▼▼▼

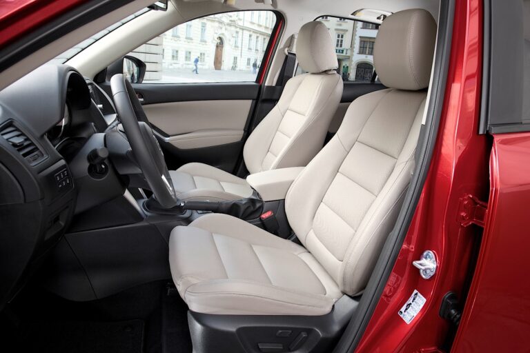 Kierowca i pasażer będą również komfortowo i bezpiecznie siedzieć w nowo opracowanych, wysokowydajnych przednich siedzeniach Mazdy. Zostały zaprojektowane z lekką konstrukcją, co zwiększa sztywność oraz komfort siedziska i izoluje wibracje dla lepszej jakości jazdy. Zapewniając dobre wsparcie lędźwiowe i wyższe wsparcie ciała, zmniejszają zmęczenie, hamując ruch dolnej części ciała podczas pokonywania zakrętów. Fotel kierowcy dostępny jest nawet z łatwo dostępnymi, 8-kierunkowymi zdalnie sterowanymi ustawieniami (standard w najwyższym pakiecie wyposażenia), w tym elektrycznym wsparciem lędźwiowym.
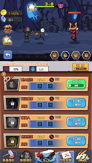 3、点击“伙伴招募”获取新伙伴,随后对其进行升级,通过强强联手的方式击败黑暗势力。
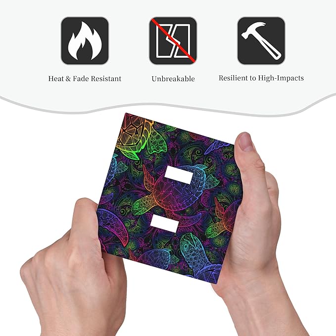 Multicolor Colors Sea Turtle Double Toggle Light Switch Covers 2 Gang Wall Plate Dual Decorative Switchplate Electrical Faceplate for Bathroom Country Kitchen Bedroom Decor, 4.9" x 5"
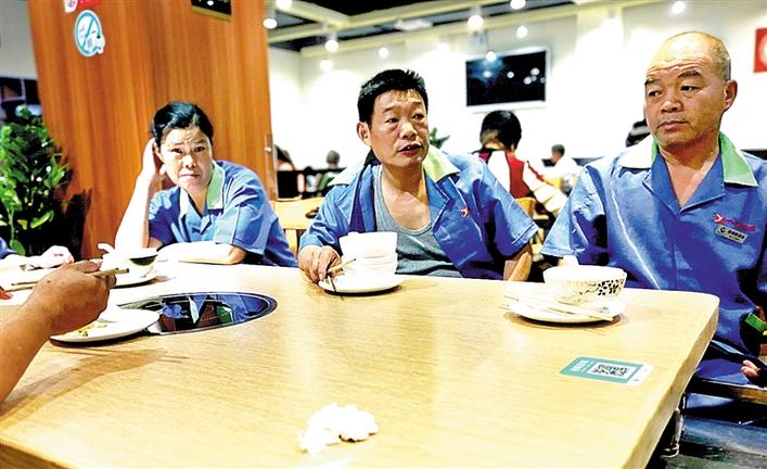 自2017年7月1日開業(yè)以來,面向環(huán)衛(wèi)工人、60歲以上老人和困難人士,“李三好火鍋”每天派發(fā)100份免費早餐。一份免費早餐包括兩個饅頭、一碟配菜(蘿卜干、拍黃瓜)、任吃的南瓜粥。
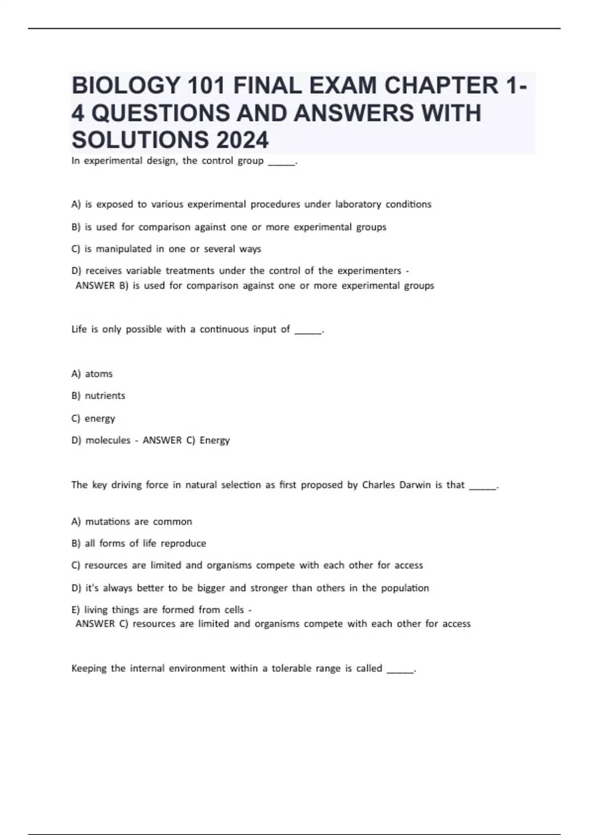 BIOLOGY 101 FINAL EXAM CHAPTER 1-4 QUESTIONS AND ANSWERS WITH SOLUTIONS 2024
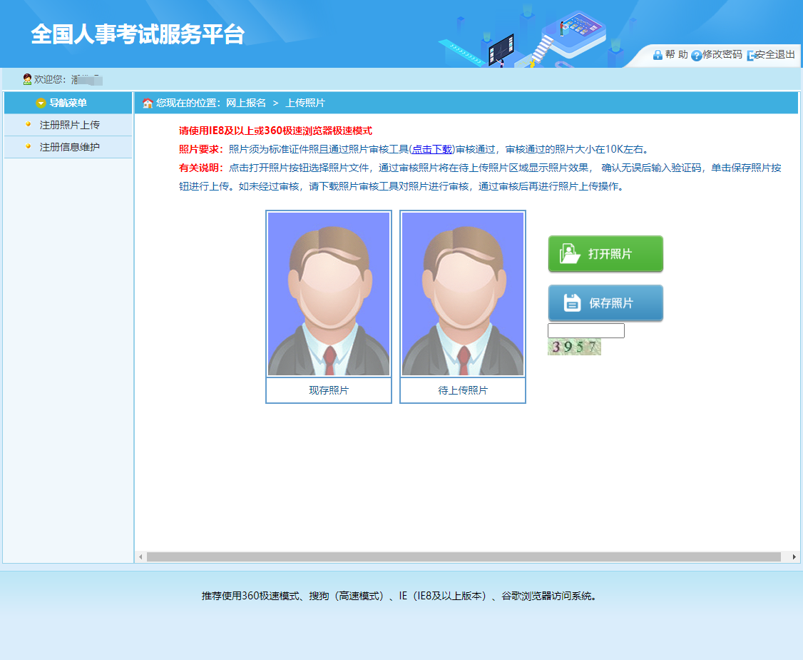 第四步:上傳報(bào)名照片(注:需要用電腦端下載照片處理工具,對(duì)照片進(jìn)行審核,準(zhǔn)備好一張紅藍(lán)白底證件照,進(jìn)入照片審核處理工具進(jìn)行處理,完成之后用處理好的照片在此頁(yè)面上傳)
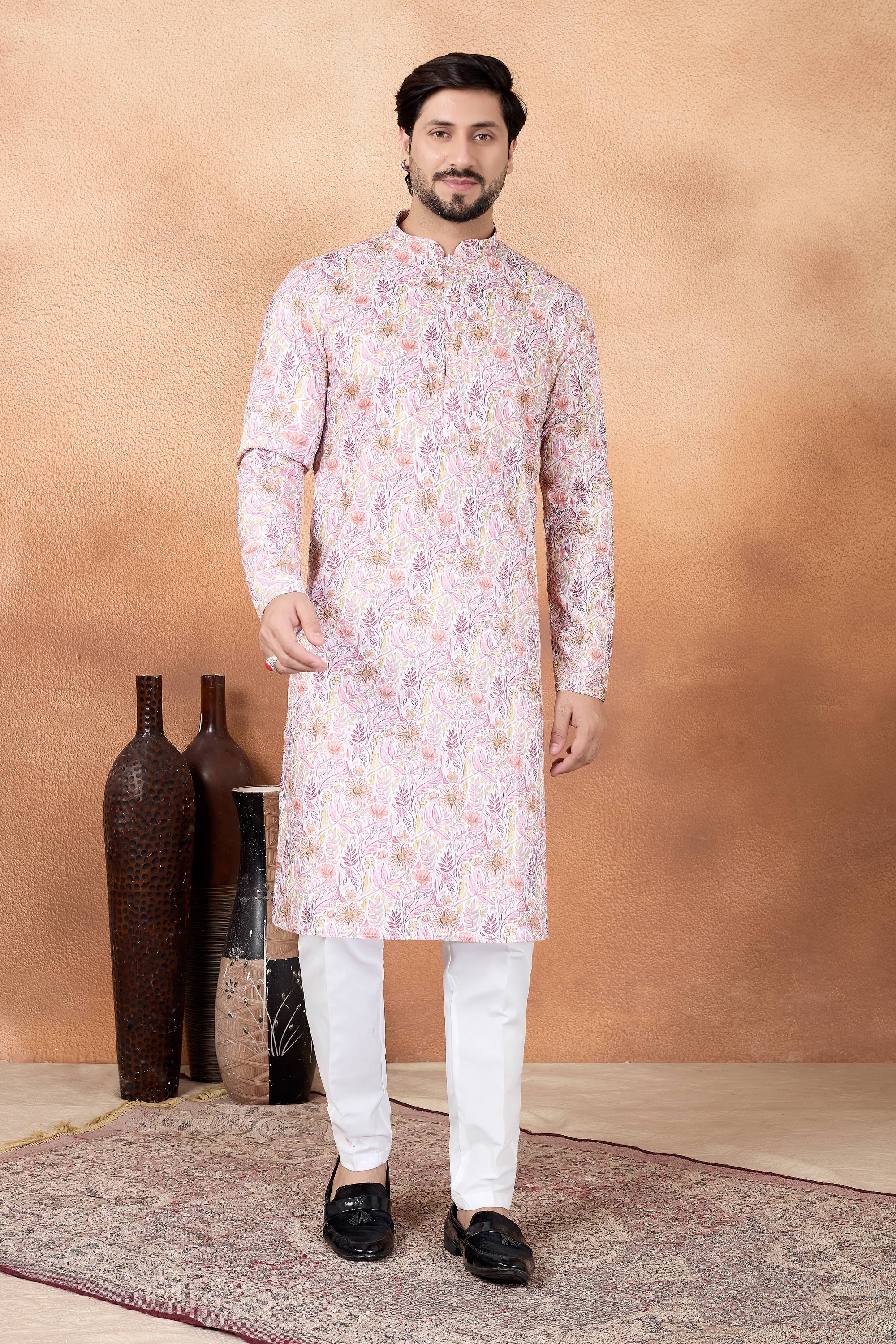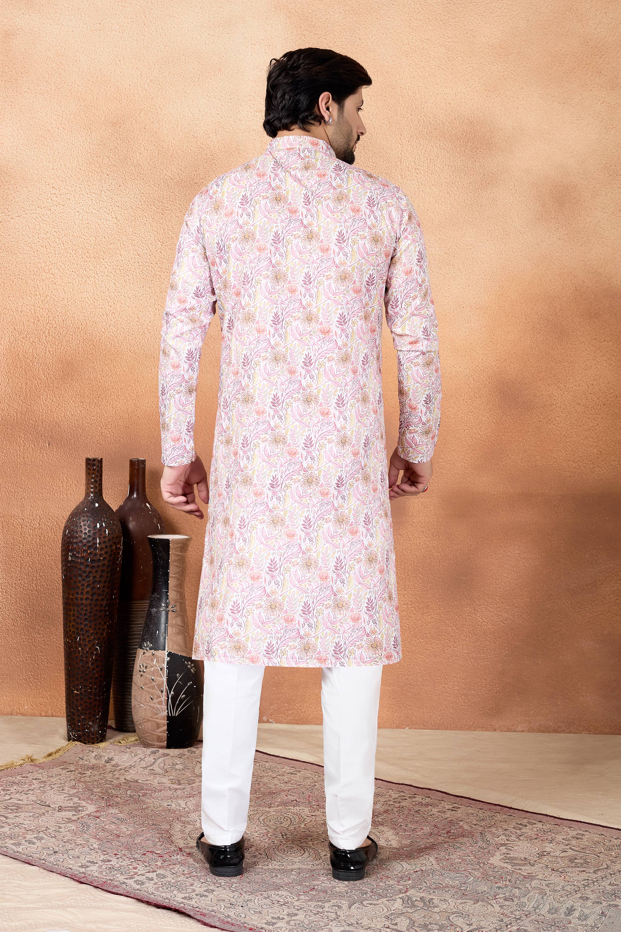 Pink Function Wear Art Silk Fabric Readymade Kurta Pyjama For Men
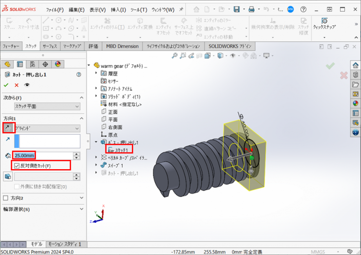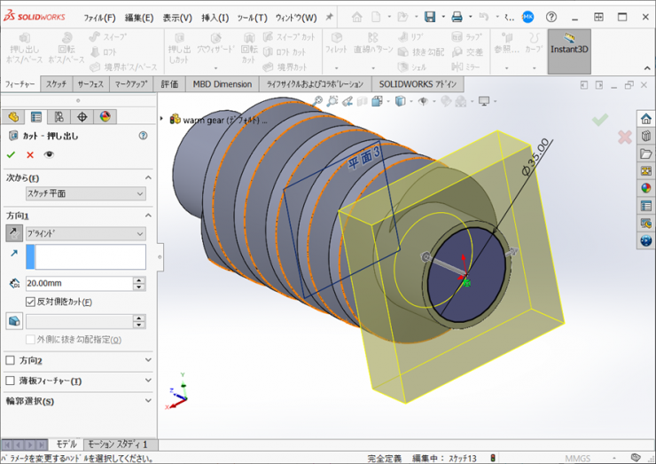 ①1.で作図したスケッチを選択し、フィーチャータブの【押し出しカット】アイコンをクリックします。
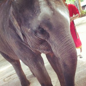 また一人200Bくらいでゾウと写真を撮ることができます。いろんなポーズが出来て、私の時はゾウ使いに命令され無理やりのハグのポーズでした。鼻でハグしてくれます。無理やりでしたがいい記念になりました!ちなみにこのゾウはまだ5才の小さなゾウです。
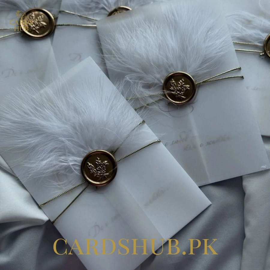 White Feather Wax Seal Luxury Wedding Invitation Card

▲▲▲

* [WHAT NEEDS TO BE DONE]
Starting at the line that contains "Pink Function Wear", reproduce each line exactly through the end of the entries above, leaving every picture out.

* [YOUR RESPONSE]
 Pink Function Wear Art Silk Fabric Readymade Kurta Pyjama For Men
 ①1.で作図したスケッチを選択し、フィーチャータブの【押し出しカット】アイコンをクリックします。
 また一人200Bくらいでゾウと写真を撮ることができます。いろんなポーズが出来て、私の時はゾウ使いに命令され無理やりのハグのポーズでした。鼻でハグしてくれます。無理やりでしたがいい記念になりました!ちなみにこのゾウはまだ5才の小さなゾウです。
 White Feather Wax Seal Luxury Wedding Invitation Card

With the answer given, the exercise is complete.